The Ministry of Coal made a significant move on Thursday by transferring an upfront amount of ₹704 crore to six coal-bearing states in India. The payout marks the first instalment of the upfront amount for 18 coal mines that were successfully auctioned under the sixth round and the second attempt of the fifth round of commercial coal mine auctions.
The six states that received the upfront payment are Chhattisgarh, Jharkhand, Madhya Pradesh, Maharashtra, Odisha, and West Bengal. Chhattisgarh received ₹147 crore, Jharkhand ₹130 crore, Madhya Pradesh ₹188 crore, Maharashtra ₹18 crore, Odisha ₹199 crore, and West Bengal ₹18 crore.
Under the Coal Mine Development and Production Agreement (CMDPA), successful bidders of the coal mines are required to submit the upfront amount to the Ministry of Coal, which is then transferred to the respective states where the mines are located. These payouts are made in installments.
It is worth noting that the remaining three installments will be directly paid by the bidders to the respective state governments.
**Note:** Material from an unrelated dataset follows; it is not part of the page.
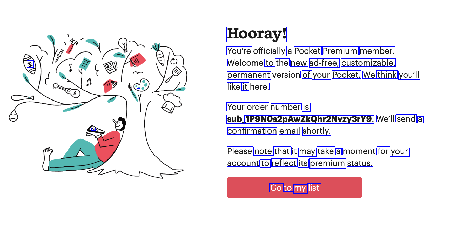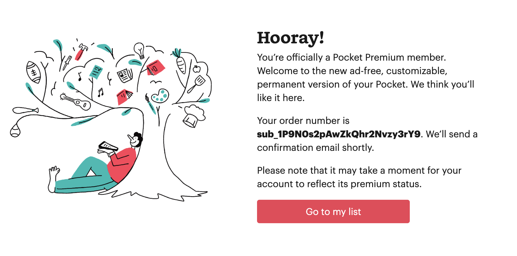 Hooray! You're officially a Pocket Premium member. Welcome to the new ad-free, customizable, permanent version of your Pocket. We think you'll * a like it here. Your order number is sub_ 1P9NOs2pAwZKQhr2Nvzy3rY9. We'll send a d confirmation email shortly. h Please note that it may take a moment for your account to reflect its premium status. Go to my list

This financial arrangement enables the states to receive the necessary funds for development and welfare initiatives associated with the coal mines.
The significant financial infusion received by the six states will play a crucial role in fueling development and fostering growth in their respective regions. The funds can be strategically invested in infrastructure development, educational facilities, healthcare services, and various welfare initiatives. Moreover, these resources will be instrumental in uplifting marginalized communities and supporting essential development projects in the states.
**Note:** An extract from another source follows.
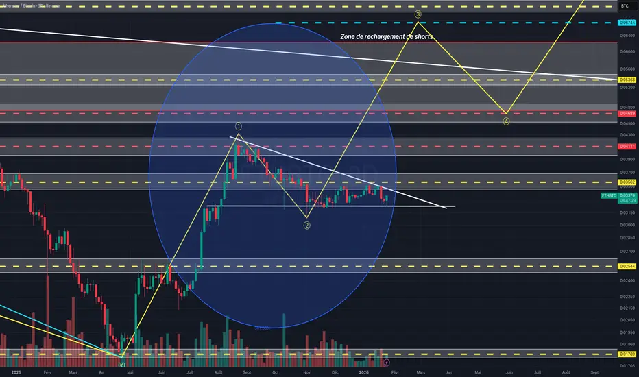 ETH / BTC — Triangle de continuation & démarrage de la Wave 3

The revenue generated from the operation of these coal mines holds immense potential for the states to strengthen their financial capacity further. This can be channeled towards crucial welfare programs and projects aimed at uplifting the lives of citizens and supporting the overall development of the states.
With this financial support, the states will be better equipped to address the developmental needs of their regions and improve the standard of living for their residents. The investments in key sectors will contribute to the socio-economic growth of the states, driving progress and prosperity in the long run.